Working data section start

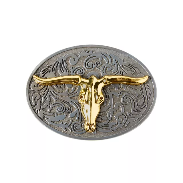 Keep your breeches up, cowboys and cowgirls! This metallic belt buckle features a shiny Texas Longhorn and can be secured to your favorite belt.
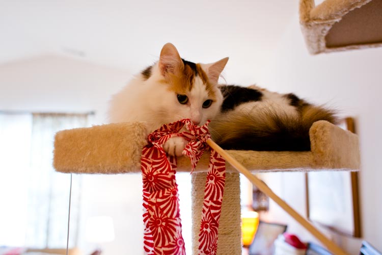 Dangle the fabric strips above your cat’s head for her to paw at or slowly trail them across the ground in front of her until she pounces after them. When the fabric strips start to get frayed, you can snip them off the dowel rod and start over again. Have fun!
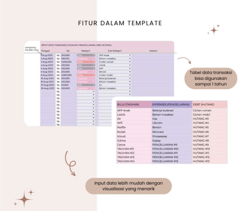 Monthly Budgeting ini digunakan untuk memudahkan perencanaan anggaran bulanan. Template ini berupa file Google Sheet yang memiliki palet warna pastel untuk membuat penganggaran sedikit lebih menyenangkan! Monthly Budgeting Pink-Purple Series : 1. Kategori : bisa dibreakdown menjadi 25 subkategori 2. Input Transaksi : pengisian data transaksi tagihan, pengeluaran, dan hutang beserta subkategorinya 3. Dashboard Budget Bulanan : bisa ganti bulan dan tahun sampai seterusnya Harap dicatat : template ini lebih cocok untuk yang memiliki pemasukan bulanan Keuntungan yang kamu dapatkan : ✔ Hitungan otomatis ✔ Simple dan mudah digunakan ✔ Visual grafik menarik ✔ Persentase progress ✔ Bisa digunakan di Handphone, Tablet, dan Laptop ✔ Ilustrasi kucing yang bisa berubah sesuai progress Untuk bisa mengakses template ini Anda membutuhkan akun email dari Gmail. Lalu kemudian template bisa diakses melalui device apapun (handphone, tablet, laptop) yang Anda miliki asalkan terdapat aplikasi browser di dalamnya seperti Chrome, Safari, dsb. Tersedia instruksi yang mudah digunakan untuk membantu Anda memulai mengisinya. BELI SEKALI, PAKAI SELAMANYA! Langkah Pekerjaan 1. Selesai payment anda, kami akan segera mengirimkan link ke email anda secepatnya 2. Jika ada pertanyaan kami akan segera menjawab pertanyaan tersebut
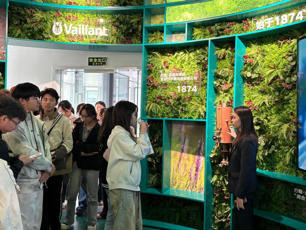 展厅协调员林倩带领同学们参观了威能公司的展厅,深入了解企业的发展历程、核心产品及创新成果。展厅内展示的先进供热系统和节能环保设备让同学们对企业“以科技赋能生活”的理念有了更直观的认识。
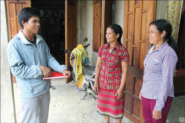 Anh Ka Rieng Hưng (trái) đến nhà người dân động viên họ tham gia các phong trào của địa phương
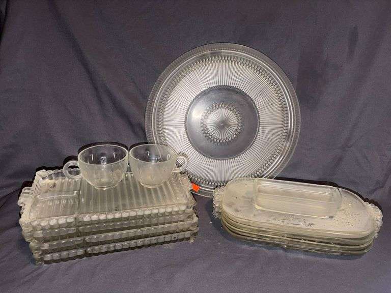 Clear pressed glass collection inc. 4 platters (9.5 in.), 4 serving trays (8 in.), 2 cups, and a rectangular covered dish. Designs include sunburst and ribbing patterns with handles.
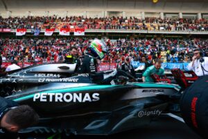 Sono abbastanza scaramantico. Scendo e salgo dalla macchina sempre dal lato sinistro, anche perché è molto più comodo dove sono posizionato nel box Mercedes. Però l’ho sempre fatto. Nel riscaldamento fisico faccio sempre gli stessi esercizi e nello stesso ordine. E poi piego sempre i vestiti e li posiziono sempre nello stesso ordine e nello stesso modo. Poi non mi piace usare roba nuova prima di una sessione di pista. Ad esempio preferisco usare gli stessi guanti, ma quest’anno la sfiga è che i guanti sono bianchi e dopo una sessione diventano neri. Però lo faccio lo stesso, perché quando sono nuovi il feeling sul volante non è lo stesso. E anche per le scarpe è la stessa cosa. Quest’anno abbiamo centinaia di scarpe e guanti ma uso sempre gli stessi. Dovrò regalarne un po’.
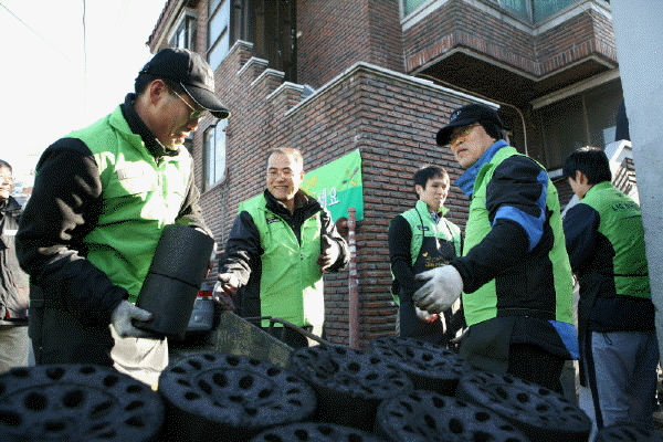 이날 김우진 사장 이하 LIG손해보험 임원 20여 LIG희망봉사단원 30여 명은 연탄보일러를 사용하고 있는 10개 가정에 총 3000장의 연탄을 직접 배달한 것.

Working data section end

Problem - Up to and including the line containing "Dangle the fabric", quote each line of the entries above from the very first, please, exactly and without images.

Result -
 Keep your breeches up, cowboys and cowgirls! This metallic belt buckle features a shiny Texas Longhorn and can be secured to your favorite belt.
 Dangle the fabric strips above your cat’s head for her to paw at or slowly trail them across the ground in front of her until she pounces after them. When the fabric strips start to get frayed, you can snip them off the dowel rod and start over again. Have fun!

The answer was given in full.